2. A method for validating the effect factor of color saturation on viewing angle as claimed in claim 1, wherein the maximum gray scale value includes but is not limited to 255.

3. A method of validating a color saturation viewing angle influence factor according to claim 1, wherein the first numerical value includes, but is not limited to, any one of 10, 15, 20, 25, 30, 35, 40, 45, 50, 55.

4. The method of claim 1, wherein the angle values for viewing the display panel from front and side are the angle between the viewing line and the vertical line perpendicular to the display panel, and the range is ± (0-90) degrees.

5. A method of validating a color saturation viewing angle impact factor according to claim 4, wherein the angle values of the display panel as viewed from the side include ± (15) degrees, ± (30) degrees, ± (45) degrees, ± (60) degrees.

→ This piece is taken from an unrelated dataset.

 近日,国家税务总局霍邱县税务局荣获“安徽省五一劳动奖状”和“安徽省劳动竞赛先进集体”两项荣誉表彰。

6. A method of improving color saturation viewing angle, comprising the steps of:

7. The method of claim 6, wherein the reducing the gray level of the red sub-pixel or the reducing the gray level of the green sub-pixel in the step of setting the condition in the white balance code is in a range of 1-50 steps.

8. The method of claim 6, wherein the angle values for viewing the display panel from front and side are such that the viewing angle is in the range of + - (0-90) degrees from the vertical.

9. The method of improving color saturation viewing angle of claim 8, wherein the angle values of viewing the display panel from side comprise ± (15) degrees, ± (30) degrees, ± (45) degrees, ± (60) degrees.

10. The method of improving color saturation viewing angle of claim 6, wherein the maximum gray scale value of the display panel includes but is not limited to 255.